Klosterdestillation St. Josef der Maristenbrüder FMS in Furth bei Landshut

Generalkapitel der Maristen-Brüder wählte neuen Generalsuperior

Das 22. Generalkapitel der Maristen – das höchste Entscheidungsgremium der Maristen, das momentan in Rionegro in Kolumbien tagt, wählte in ihrer 200jährigen Geschichte den 14. Nachfolger des Ordensgründers Bruder Ernesto Sánchez zum Nachfolger von Buder Emili Turú.
Er ist für das Further Maristenkloster kein Unbekannter, da er als Generalrat die letzten Jahre schon mehrfach in Furth weilte und sich nach den Brüdern für die er vom Generalrat aus zuständig war erkundigte.

Das Bild zeigt ihn mit Frater Winfried ganz rechts, als den damaligen Superior und dem bisherigen Generalsuperior zusammen mit Further Bürgermeister Horsche,  der es sich nicht nehmen ließ über die Entwicklung der Gemeinde in Furth und die damit verbundene Zukunft des Klosters auf den Laufenden zu halten.

Geboren wurde Frater Ernesto (Ernst) in Guadalajara in Mexiko am 21.02.1961 als neuntes Kind seiner Familie. Vom Kindergarten bis zum Studenten war Ernesto in allen Bereichen maristischer Pädagogik tätig. Neben seiner Tätigkeit als Mathematik und Religionslehrer, war er in der Ausbildung der jungen Studenten und Berufspastoral tätig.

Über Jahre hinweg war er für den Ordensnachwuchs zuständig und nicht zuletzt in der mexikanischen Provinzleitung, sowie in der Generalverwaltung in der Kommission für Religiöses Leben und Berufung und da wiederum auch deren Direktor.
Nachdem ihn seine Provinz als Provinzial wieder nach Mexiko zurückgeholt hatte, tat dies auch die Generalleitung ein Jahr darauf und holte ihn als Generalrat beim letzten Kapitel in die oberste Ordensleitung.

Er steht seit gestern dem Orden vor und leitet die Geschicke des Ordens die nächsten 8 Jahre.
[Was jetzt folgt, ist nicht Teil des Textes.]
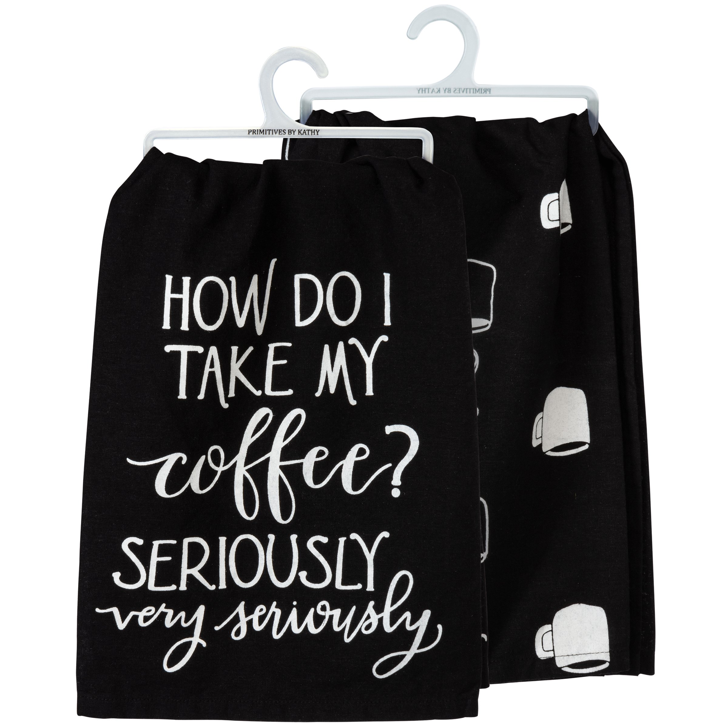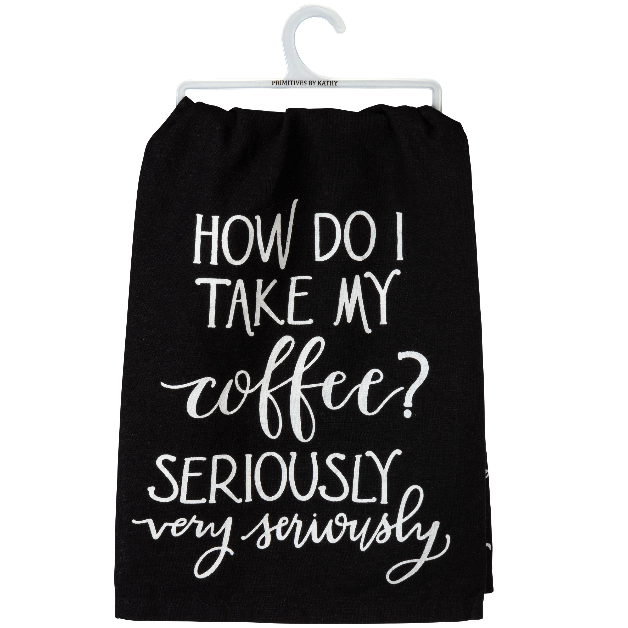 A black cotton kitchen towel featuring a hand lettered "How Do I Take My Coffee? Seriously Very Seriously" sentiment and coffee cup design. All-over print design. Machine-washable.

Er ist auch einer der jüngsten Generalsuperioren, der die Geschicke der 3400 Ordensbrüder, die weltweit in über 80 Ländern der Welt, bevorzugt in den Krisengebieten und bei den ärmsten der Armen tätig sind.

Bei seinem Besuch in Furth, so teilte uns das Kloster mit, erkundigte er sich in erster Linie nach dem Verein Maristen Solidarität International (ehem. Maristen-Fürsorge u. Missionsverein), der schon seit fast 100 Jahren aus Furth diese Tätigkeit unterstützt.
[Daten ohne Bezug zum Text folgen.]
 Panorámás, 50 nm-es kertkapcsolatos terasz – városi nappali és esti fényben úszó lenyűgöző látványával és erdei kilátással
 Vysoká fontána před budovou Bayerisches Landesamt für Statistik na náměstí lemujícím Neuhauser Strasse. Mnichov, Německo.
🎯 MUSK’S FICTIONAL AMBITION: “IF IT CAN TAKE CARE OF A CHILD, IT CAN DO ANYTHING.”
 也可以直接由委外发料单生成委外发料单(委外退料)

Und nicht zuletzt nach der letzten maristischen Klosterdestillation, der er nicht nur einen Besuch abstattete, sondern besonders deren soziales Engagement lobte.
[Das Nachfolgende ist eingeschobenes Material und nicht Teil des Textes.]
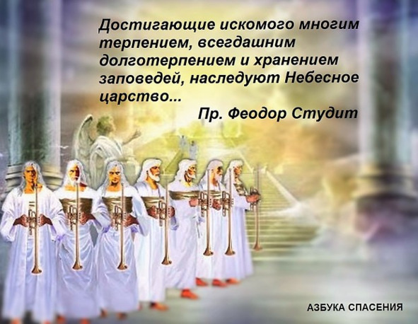 Достигающие искомого многим терпением, всегдашним долготерпением и хранением заповедей, наследуют Небесное царство
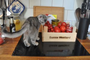 Aan hun, en Vidars oudere broertje Baldr, lange wachten is bijna een eind gekomen. Als de vaccinatie goed valt, brengen we hem na een dag of zeven naar zijn nieuwe thuis; in het Westland. Westland is bekend om zijn groenteteelt en daarvan hadden ze een collectie van meegenomen. Heerlijke tomaten in alle soorten en maten en zelfs ingemaakte. Vidar heeft er natuurlijk even bij geposeerd.
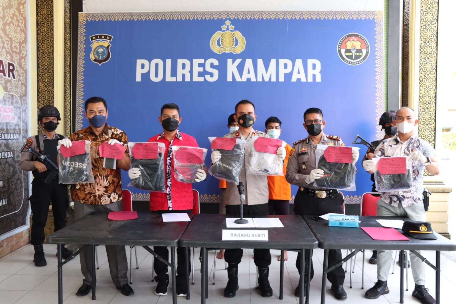 MediaSuaraMabes, Kampar – Polres Kampar gelar konferensi Pers ungkap kasus pembunuhan terkait penemuan mayat di jalan PT. HK/ Jalan Persawahan dusun 1 RT 004 RW 001, desa Baru kecamatan Siak Hulu, kabupaten Kampar, Jumat, (9/9/22) sekira pukul 10.00 WIB, di teras depan Mapolres Kampar.
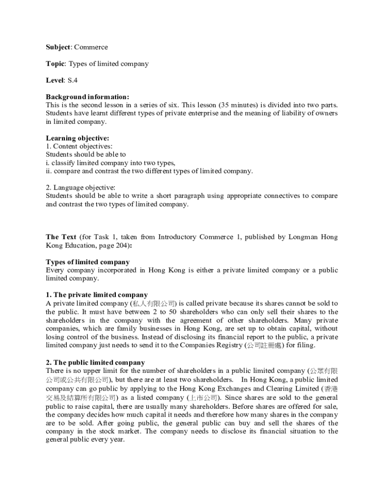 Subject: Commerce Topic: Types of limited company Level: S.4 Background information: This is the second lesson in a series of six. This lesson (35 minutes) is divided into two parts. Students have
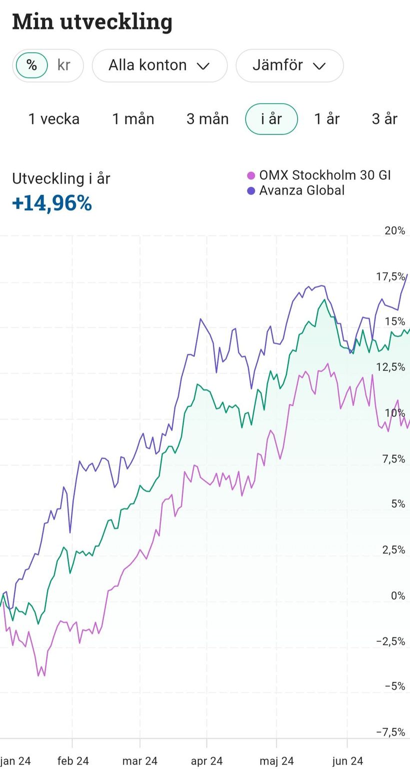 I min lilla pensionsportfölj (ca 5% av totalen) får jag utlopp för mitt aktieintresse och där finns det väldigt svag koppling mellan mitt resultat och något index. Utan där kan det gå lite hur som helst. I höstas hade jag under några månader det mesta av pengarna i en fastighetsfond och nu ligger över 50% av pengarna i ett enskilt bolag i form av Evolution. Mina ansträngningar i form av att köpa och sälja aktier och vikta enskilda bolag tungt har inte betalat sig under första halvan av 2024. Portföljen är bara upp 7,62% och har alltså gått mycket sämre än stora passiva huvudportföljen. Men det är nog bara bra att få en påminnelse om att index och passivitet är rätt för huvudportföljen efter flera år där den lilla aktiva portföljen gått bättre än den stora passiva.
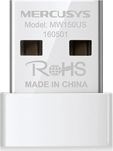 Mercusys MW150US bezdrátový Nano USB adaptér N150. Díky ultrakompaktnímu designu je model MW150US mimořádně vhodný pro použití doma i venku. Vše, co musíte udělat, je připojit tento miniaturní adaptér k USB portu počítače.Kompaktní a pohodlné řešení pro bezdrátové připojení zařízeníIdeální pro základní internetové aplikace, jako je procházení webu, e-mail a chatováníPodporuje Windows 10 / 8.1 / 8/7 / XP (32 / 64bit)Technické parametryRozměry (Š x H x V): 18,9 × 14,8 × 6,85 mmTyp antény: VnitřníRychlost signálu: 11n: až 150 Mb / s (dynamický),11 g: až 54 Mb / s (dynamický), 11b: až 11 Mb / s (dynamický)Bezdrátové standardy: IEEE 802.11n, IEEE 802.11g, IEEE 802.11bFrekvence: 2,400 - 2,4835 GHzRozhraní: USB 2.0Certifikace: CE, ROHS
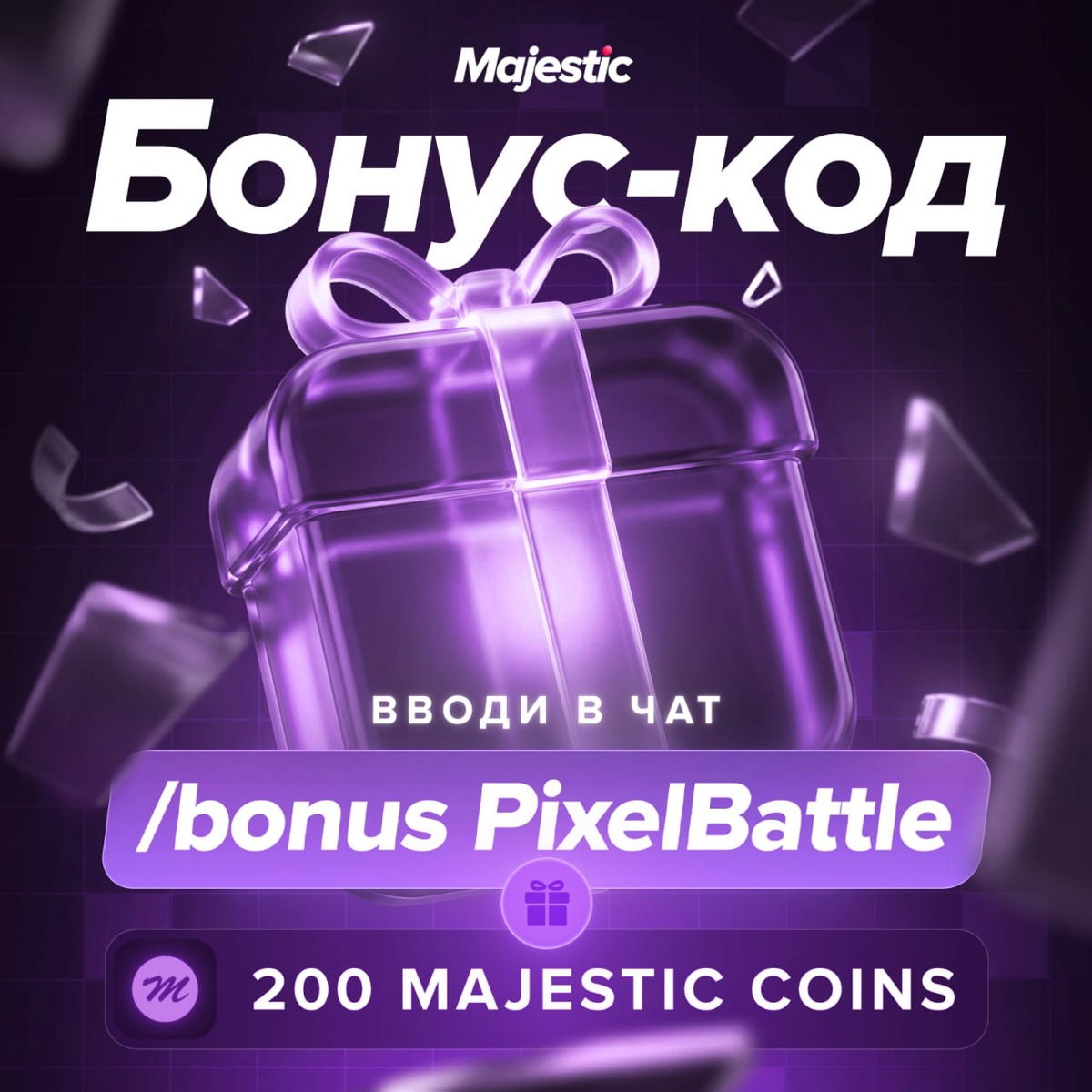 🎨 Забирай бонус на 200 Majestic Coins и продолжай творить шедевры — компенсируем неудобства и заряжаем вас для финального рывка. 👉Вводи в чат игры /bonus PixelBattle на 200 😍* *Код действителен для игроков, зарегистрированных до 29.01.2026 06:00, активен до конца дня 02.02.2026. *Активировать код можно только на одном из серверов проекта. ❤️ Majestic Role Play

Auf die Frage der Landshuter Zeitung, ob sich da die Klosterdestillation nicht lumpen lässt und dazu nicht auch ein Sonderprodukt herausbringt, ließen es sich Destillateur und Geschäftsleitung nicht kalt erwischen und bestätigten dass Mitte November es noch einmal eine Neuauflage des Maristiners gibt und auch eine zusätzliche Sonderanfertigung  Maristiner mit Honig, um damit auch zu unterstreichen, dass die 200jährige Tradition auch für Furth einen Verpflichtung bedeutet.